A virtual heist hit a Bitcoin exchange in Seoul — again.
Youbit, a South Korea cryptocurrency exchange, announced it was closing its doors after digital robbers stole an undisclosed number of bitcoins. The exchange was hacked for the first time in April, when an estimated 4,000 bitcoins were stolen. While bitcoin has dramatic, sometimes hourly fluctuations in value, at today's going exchange rate of $15,000 USD per bitcoin, such a hack would equate to around $61 million lost; although in April, the same sum of bitcoin would be worth only around $4 million, as they were trading near $1,000 per bitcoin back then.
This more recent hack took a reported 17 percent of Youbit's assets, according to a Reuters report. The precise amount was not specified. The Reuters report also noted that the Korea Internet & Security Agency (KISA) is investigating the cyberattack.
The previous hack of Youbit in April was reportedly linked to a hacker group in North Korea. Indeed, North Korea is suspected to be the culprit in this latest hack, though that remains unconfirmed.
This also marks the second time this week that North Korea has been blamed for a cyberattack.
The hack of Youbit comes at a moment of truth for cryptocurrencies. In the past month, bitcoin reached its highest value ever. That, and the announcement that both the Chicago Board of Exchange and the Chicago Mercantile Exchange would allow futures trading in Bitcoin, also gave the currency mainstream appeal.
Youbit isn’t the only cryptocurrency exchange to suffer a PR nightmare. CNBC reported yesterday that Coinbase, a U.S.-based exchange, was under scrutiny for alleged insider trading. On Dec. 19, the value of Bitcoin Cash — a currency which spun off of bitcoin — started to rise immediately prior to Coinbase’s announcement that it would be supporting it, a coincidence that raised suspicion. Brian Armstrong, Coinbase’s co-founder, wrote a Medium post detailing the company’s trading policy, and announced that an investigation had been launched.
“Given the price increase in the hours leading up the announcement, we will be conducting an investigation into this matter. If we find evidence of any employee or contractor violating our policies — directly or indirectly — I will not hesitate to terminate the employee immediately and take appropriate legal action,” he wrote.
While reports such as these might make one skeptical of the structural underpinnings of cryptocurrency, one expert says it might not be the cryptocurrency that is flawed — but rather the institutions exchanging and holding the cryptocurrency.
“It’s not the inherent security of bitcoin that was attacked, it was the security of the organizations that are keeping track,” Clifford Neuman, Director of USC's Center for Computer Systems Security, told Salon.
Neuman explained that these exchanges are no different than banks, but they are subjected to fewer regulations, which could be linked to their unforgiving vulnerabilities.
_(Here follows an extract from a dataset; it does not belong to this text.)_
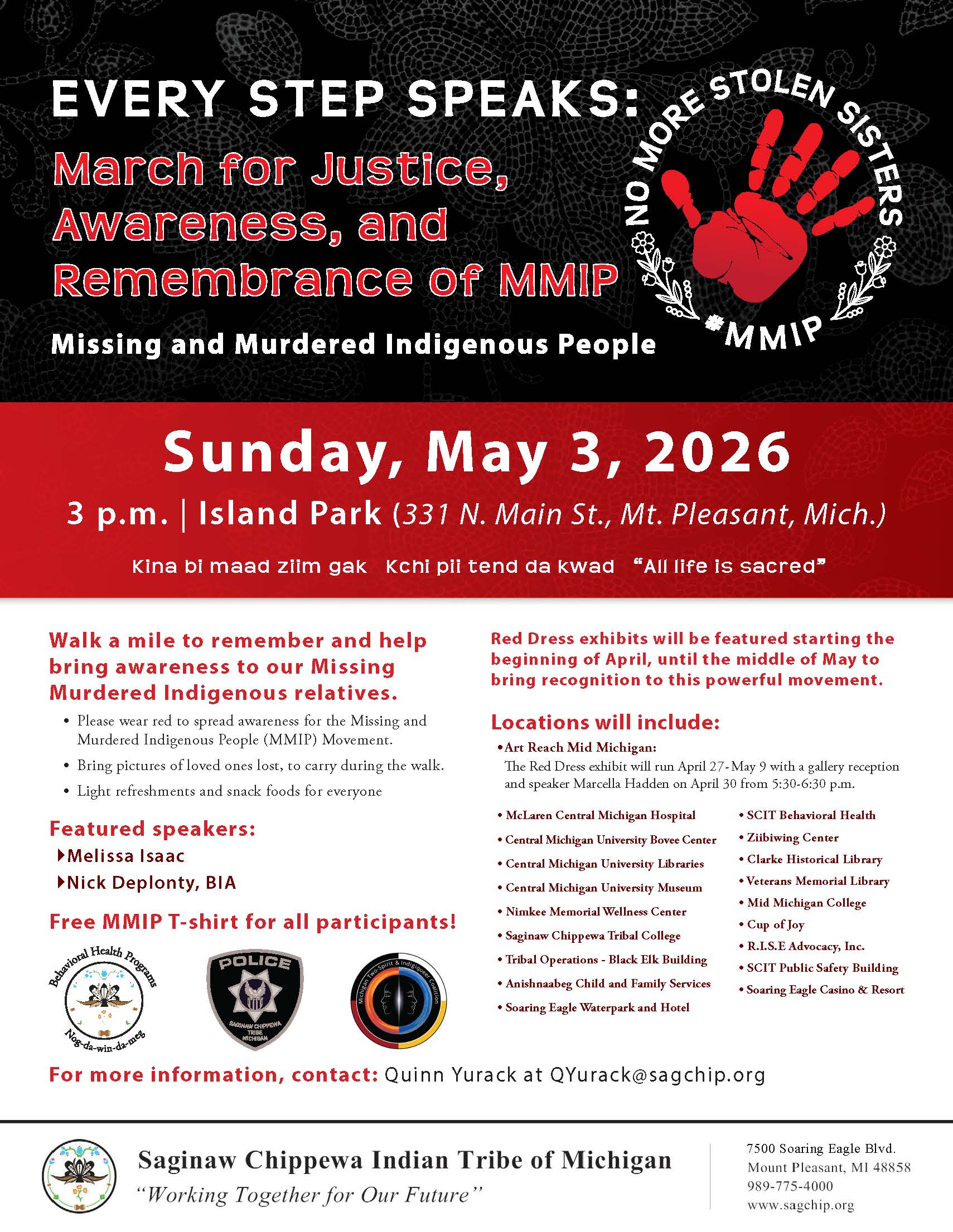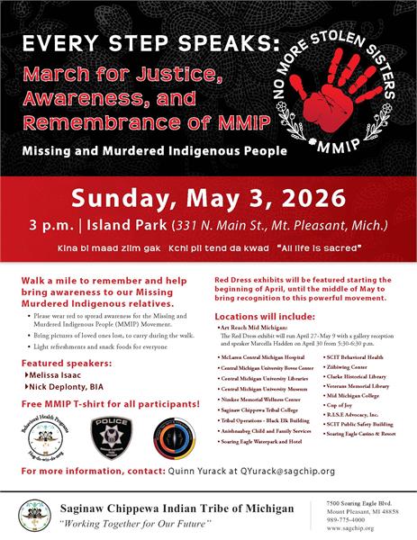 The event will include a one-mile walk to honor Missing and Murdered Indigenous People, featured speakers, and opportunities to reflect and show support for this important movement. Participants are encouraged to wear red to help raise awareness.

“If the exchange holds funds on behalf of its customers, either in its own Bitcoin wallet, or in Bitcoin wallets that it manages on behalf of its customers, then a hack to the system managed by the exchange can allow the attacker to obtain private keys associated with the bitcoin accounts or otherwise cause transactions to be initiated,” he said.
Yet some argue that the lack of regulation surrounding bitcoin is precisely the source of its appeal. Economist Joseph Stiglitz argued recently that bitcoin is "successful only because of its potential for circumvention, lack of oversight." Yet if the lack of regulation surrounding bitcoin is part of its appeal, it is also a drawback: hacks, insider trading, dramatic fluctuations, and a lack of a "bank" or somewhere to put one's money have become the norm.
More worrisome is the process of tracking and penalizing the criminals who orchestrate these hacks. And given that cyber-thieves may be orchestrating hacks from across the planet, or working under the guise of state intelligence agencies, it is unclear if many are even in the grasp of law enforcement.